For instance: if a Twitter search produces the same tweets but with different retweet counts, should Workbench consider the new table to be "no-change"? If a second request to the same HTTP URL produces the exact same data with a more up-to-date timestamp, should Workbench consider the new timestamp a "change"? Answers to these questions will satisfy some users and frustrate others.

Workbench already has a feature that satisfies all users and frustrates none: workflows! Turn on alerts to find out when data changes. If you don't care about retweet counts, delete that column.

We think Workbench will feel simpler and more transparent with this change. And we haven't spoken to anybody who seems to mind.

What if I'm a paid user? We're pretty sure you won't mind this change. Please contact us if you're worried.

Frequent breaking changes to the "Python" step

The feature: Workbench lets you write arbitrary code in a "Python" step (with Pandas and Numpy support).

What will change: We don't support Python code. Any day, any Python step may change results. Steps that use the Internet are most at-risk.

Why: Two reasons: A) Python is hard to support; and B) Workbench is designed to replace Python.

It's hard to support Python. Whenever we deliver a new feature, we may break Python code. For example, we want to upgrade to Pandas 1 to help users take advantage of its nullable integer columns; but as of June 2021, Workbench is still stuck on 2-year-old Pandas 0.25 because an upgrade will certainly break some users' Python steps. We're someday going to drop networking support from the Python module entirely, to strengthen Workbench's model of "source data" + "steps"; again, this will certainly break some users' Python steps. (Python modules that access the Internet behave differently every time they run.)

Remember Workbench's mission: we make data easy to understand and share. For most people, Python code doesn't fit that definition. Workbench's big bet is that you can do all the analysis you need without Python. We compete with Python, so we're not going to invest endless effort in supporting it.

We consider Python steps temporary. Python gives great value, even if your code may break in the future.

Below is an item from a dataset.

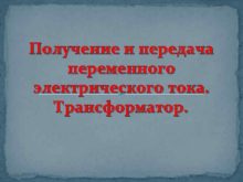 Получение и передача переменного электрического тока Трансформатор

Python lets users write code where a Workbench step doesn't exist yet; Python lets educators teach Pandas 101, for a class-wide "a-ha" moment; Python lets coders find a quick-and-dirty answer to see whether it's worth fleshing out a workflow that can be understood and shared.

You're free to use Python. It will be around forever. But be aware: every Python step that works today may break tomorrow. That may mean an error message; it could also mean a different result. Consider your Python code -- and any workflow with a Python step -- temporary. You'll need to edit it every time Workbench changes.

We won't notify you of these changes, because that would slow us down too much. Workbench changes hundreds of times each year.

What if I'm a paid user? If you're using Python and you want your workflow to last forever, please tell us what Python is doing for you. We build solutions that last. We'd love to tackle your problem.